Consider what metrics you want to use to evaluate success.
- If you think about mean squared error, can we actually relate to the amount of error?
- Try root mean squared error so that error is closer to the original units (dollars)
- What does RMSE do to outliers?
- Is mean absolute error a good metric for this problem?
- What about R^2? Adjusted R^2?
- Briefly describe your reasons for picking the metrics you use

In [56]:
# gather evaluation metrics and compare results

In [66]:
mse = mean_squared_error(pred_price, y_test)
r2 = r2_score(pred_price,y_test)

In [67]:
print(r2)

0.936071029904634


## Feature Selection - STRETCH

> **This step doesn't need to be part of your Minimum Viable Product (MVP), but its recommended you complete it if you have time!**

Even with all the preprocessing we did in Notebook 1, you probably still have a lot of features. Are they all important for prediction?

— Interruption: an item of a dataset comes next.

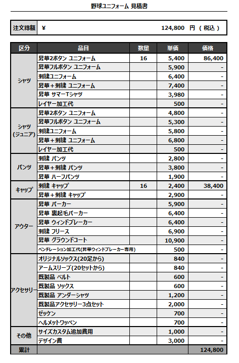 注文するユニフォームの最終デザインと見積もりの数量を確認ください。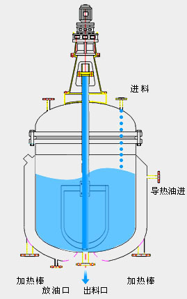 攪拌罐蓋上部配置有傳動裝置(電機或減速器),由傳動軸驅(qū)動攪拌罐內(nèi)的攪拌器。

Investigate some feature selection algorithms (Lasso, RFE, Forward/Backward Selection)
- Perform feature selection to get a reduced subset of your original features
- Refit your models with this reduced dimensionality - how does performance change on your chosen metrics?
- Based on this, should you include feature selection in your final pipeline? Explain

Remember, feature selection often doesn't directly improve performance, but if performance remains the same, a simpler model is often preferrable. 



In [None]:
# perform feature selection 
# refit models
# gather evaluation metrics and compare to the previous step (full feature set)